Authentication
Snowpack uses three credential paths: Polaris OAuth2 for table discovery, IRSA for AWS API access (Glue and S3), and an internal Postgres password for job state. There are no static AWS credentials anywhere in the deployment.
Polaris service principal
The Polaris REST catalog authenticates via an OAuth2 service principal. The credential flow is:
-
Secrets Manager stores the principal at
{env}/polaris/snowpack-principalas a JSON object:{"client_id": "...","client_secret": "..."} -
Terraform reads the secret via a
data "aws_secretsmanager_secret_version"data source and injects both values into thehelm_releaseresource usingset_sensitiveblocks. This keeps credentials out of Terraform state in plaintext and out of version-controlled values files. -
Helm maps the values to environment variables on the API and worker pods:
SNOWPACK_POLARIS_CLIENT_IDSNOWPACK_POLARIS_CLIENT_SECRETSNOWPACK_POLARIS_URISNOWPACK_POLARIS_CATALOG
-
PolarisConfigvalidates at startup thatclient_idandclient_secretare both present whenuriis set. If either is missing, the application fails fast with a clear error message rather than silently falling back.

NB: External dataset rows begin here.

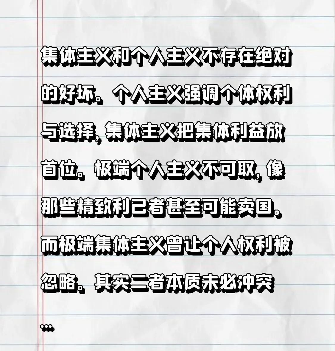 集体主义和个人主义不存在绝对的好坏。个人主义强调个体权利与选择,集体主义把集体利益放首位。极端个人主义不可取,像那些精致利己者甚至可能卖国。而极端集体主义曾让个人权利被忽略。 其实二者本质未必冲突。社会发展中,西方个人主义主导下问题频出,威胁民主秩序。我们应在不损集体利益时重视个人需求。在当代,要客观看待二者,让它们相互补充,找到平衡才是最优解。
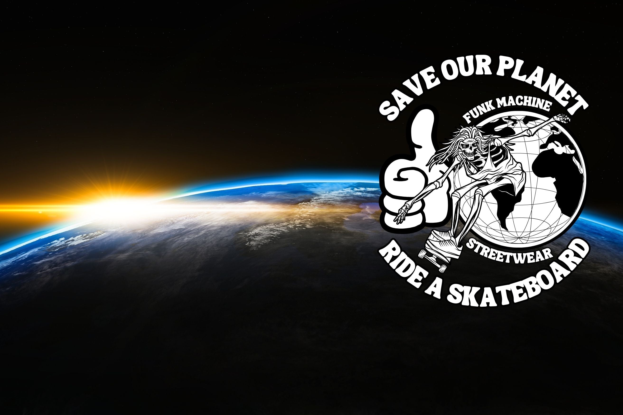 Choose FUNK MACHINE'S "SAVE OUR PLANET RIDE A SKATEBOARD!" line of streetwear...
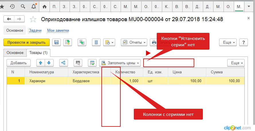 1. Как указать серии по излишкам, недостачам и пересорту?

PyIceberg REST catalog OAuth2
The health-sync worker and API endpoints that use PyIceberg construct a REST catalog with OAuth2 token exchange:
credential="client_id:client_secret"(colon-separated)scope=PRINCIPAL_ROLE:ALL
PyIceberg handles the token exchange automatically — the application never manages tokens directly.
IRSA (IAM Roles for Service Accounts)
AWS API access uses IAM Roles for Service Accounts (IRSA). No static
AWS_ACCESS_KEY_ID / AWS_SECRET_ACCESS_KEY variables exist anywhere in the
deployment.
The flow:
- Terraform creates an IAM role (
aws_iam_role.snowpack) with an OIDC trust policy scoped to the EKS cluster and thesnowpacknamespace service account. - The Helm chart creates a
ServiceAccountannotated witheks.amazonaws.com/role-arnpointing at that role. - The API, worker, and health-sync pods mount the service account. The AWS SDK automatically exchanges the projected service account token for temporary IAM credentials via the OIDC provider.
Permissions granted
The IRSA role has two policy statements:
| Sid | Actions | Resources |
|---|---|---|
GlueCatalogRead | glue:GetDatabase, glue:GetDatabases, glue:GetTable, glue:GetTables, glue:GetPartition, glue:GetPartitions, glue:BatchGetPartition, glue:GetUserDefinedFunctions | All databases and tables in the account’s Glue catalog |
ReadLakehouseData | s3:GetObject, s3:ListBucket | The lakehouse S3 bucket and all objects within it |
These are read-only permissions. Snowpack never writes to Glue or S3 directly — all write operations (compaction, snapshot expiry) go through Spark SQL.
Internal Postgres password
The Postgres password is generated by a random_password Terraform resource and
injected into the Helm release via set_sensitive. It is never stored in values
files or checked into version control.
Both the Postgres deployment and the application pods receive the same password through separate environment variable paths:
- Postgres pod:
POSTGRES_PASSWORDenv var - Application pods:
SNOWPACK_POSTGRES_PASSWORDenv var (via thesnowpack.postgresEnvHelm helper)
The KEDA TriggerAuthentication resource also references the password from a
Kubernetes Secret so the ScaledJob trigger can query the job_queue table.
Catalog/metadata split
Snowpack uses two different catalog backends for different purposes:
| Component | Catalog | Purpose |
|---|---|---|
TableCacheSyncWorker | Polaris REST | Table discovery — lists databases and tables for the table cache. Polaris is the authoritative catalog for “what tables exist.” |
| Health endpoints, workers, health-sync | Glue + S3 (via PyIceberg) | Metadata access — reads Iceberg metadata files to compute health metrics and execute maintenance. Uses Glue/S3 directly to avoid Polaris metadata-size limits. |
This split exists because Polaris imposes size limits on metadata responses that can cause failures for large tables with many snapshots or manifests. By routing metadata-heavy operations through Glue/S3 directly, Snowpack avoids those limits while still using Polaris as the single source of truth for table discovery.